Python:将元组列表转换为嵌套字典的字典

Question

所以我手头有点问题。我有一个元组列表(由级别编号和消息组成)最终将成为 HTML 列表。我的问题是，在发生这种情况之前，我想将元组值转换为嵌套字典的字典。所以这里是示例:

# I have this list of tuples in format of (level_number, message)
tuple_list = [(1, 'line 1'), (2, 'line 2'), (3, 'line 3'), (1, 'line 4')]

# And I want to turn it into this
a_dict = {
    'line 1': {
        'line 2': {
            'line 3': {}
        }
    }, 
    'line 4': {}
}

任何帮助将不胜感激，只要它是有效的 Python 3。谢谢!

Answer 1

正如我在评论中指出的那样，如果您完全可以控制它，您应该强烈考虑更改您的传入数据结构。一个连续的元组列表绝对不适合你在这里做的事情。然而，如果你把它当作一棵树来对待，这是可能的。让我们构建一个(理智的)数据结构来解析它

class Node(object):
    def __init__(self, name, level, parent=None):
        self.children = []
        self.name = name
        self.level = level
        self.parent = parent

    def make_child(self, othername, otherlevel):
        other = self.__class__(othername, otherlevel, self)
        self.children.append(other)
        return other

现在您应该能够以某种合理的方式迭代您的数据结构

def make_nodes(tuple_list):
    """Builds an ordered grouping of Nodes out of a list of tuples
    of the form (level, name).
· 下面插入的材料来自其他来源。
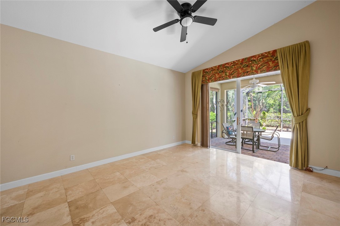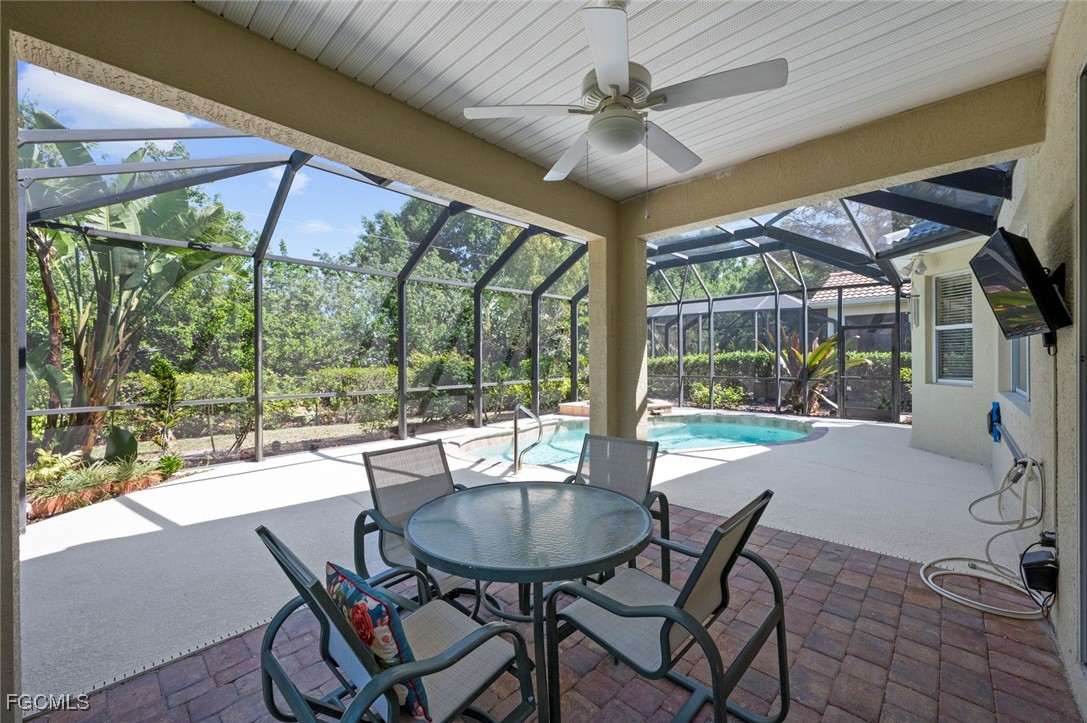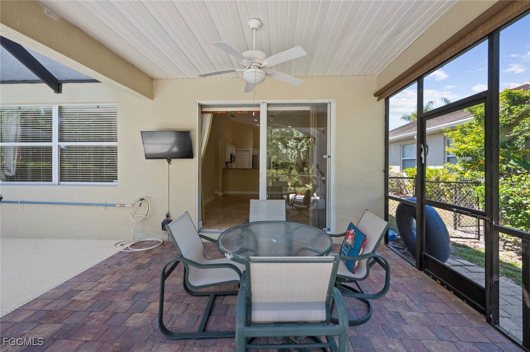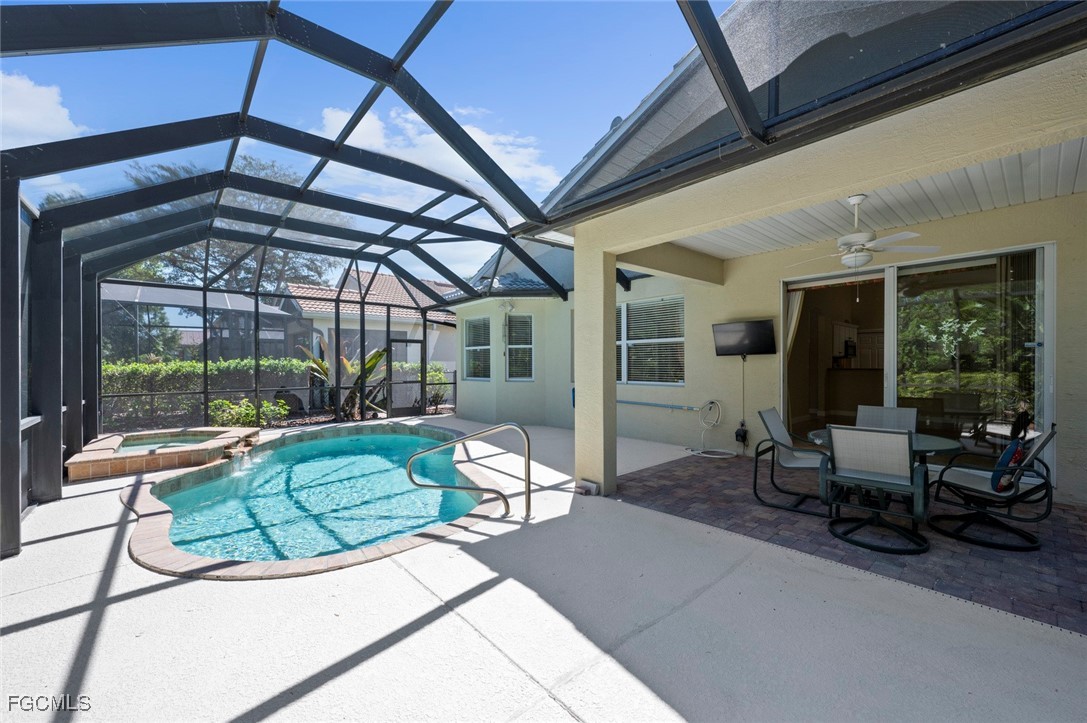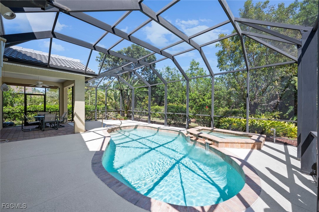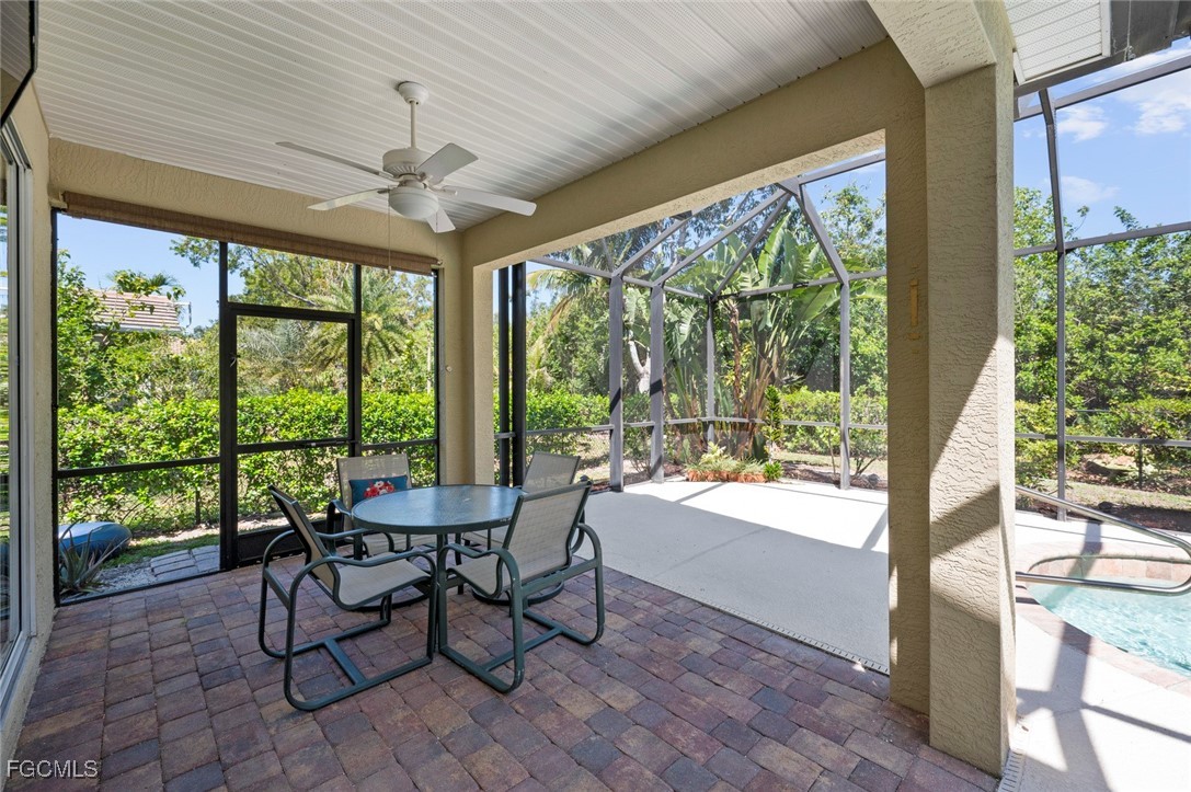 Step into Florida living at its best! This 3 bedroom + 2 bath pool and spa home is tucked away in the sought-after, gated community of Plantation Preserve - a hidden gem right along the lively Daniels Corridor. With its unbeatable location, you’ll be just minutes from dining, shopping, Twins Spring Training, I-75, RSW Airport, and all the best that Fort Myers has to offer. From the moment you arrive, this home makes a statement with its paver driveway, lush tropical landscaping, and brand-new tile roof. Inside, elegance meets comfort with travertine floors, crown molding, tray ceilings, and a wide-open split bedroom floor plan perfect for everyday living and entertaining. The kitchen is a chef’s delight with granite countertops, a breakfast bar, and brand-new stainless appliances. The primary suite is pure relaxation with his-and-hers closets, a charming custom window seat with built-in storage, and a spa-style bathroom featuring a garden tub, dual sinks, and a walk-in shower. Step outside and fall in love with your own private oasis: a screened lanai with sparkling pool and spa, framed by serene preserve views. Whether it’s morning coffee, an evening glass of wine, or hosting friends, this is the ultimate Florida backdrop. Other highlights include hurricane shutters, beautifully irrigated landscaping, and thoughtful details throughout. Plantation Preserve makes life easy with low HOA fees ($180/month) covering lawn care, gated access, and a community pool. Sidewalks and a nearby linear park make it perfect for biking, jogging, or evening strolls. Plus - a NO flood zone! This home is more than a place to live - it’s a lifestyle. Don’t miss your chance to make it yours!

Returns the last Node.
    """

    curnode = Node("root", level=-float('inf'))
    # base Node who should always be first.

    for level, name in tuple_list:
        while curnode.level >= level:
            curnode = curnode.parent
            # if we've done anything but gone up levels, go
            # back up the tree to the first parent who can own this
        curnode = curnode.make_child(name, level)
        # then make the node and move the cursor to it
    return curnode

一旦您的结构完成，您就可以对其进行迭代。如果您采用深度优先或广度优先，这里并不重要，所以让我们做一个 DFS 只是为了便于实现。

def parse_tree(any_node):
    """Given any node in a singly-rooted tree, returns a dictionary
    of the form requested in the question
    """

    def _parse_subtree(basenode):
        """Actually does the parsing, starting with the node given
        as its root.
        """

        if not basenode.children:
            # base case, if there are no children then return an empty dict
            return {}
        subresult = {}
        for child in basenode.children:
            subresult.update({child.name: _parse_subtree(child)})
        return subresult

    cursor = any_node
    while cursor.parent:
        cursor = cursor.parent
        # finds the root node
    result = {}
    for child in cursor.children:
        result[child.name] = _parse_subtree(child)
    return result

然后输入元组列表瞧

tuple_list = [(1, 'line 1'), (2, 'line 2'), (3, 'line 3'), (1, 'line 4')]

last_node = make_nodes(tuple_list)
result = parse_tree(last_node)
# {'line 1': {'line 2': {'line 3': {}}}, 'line 4': {}}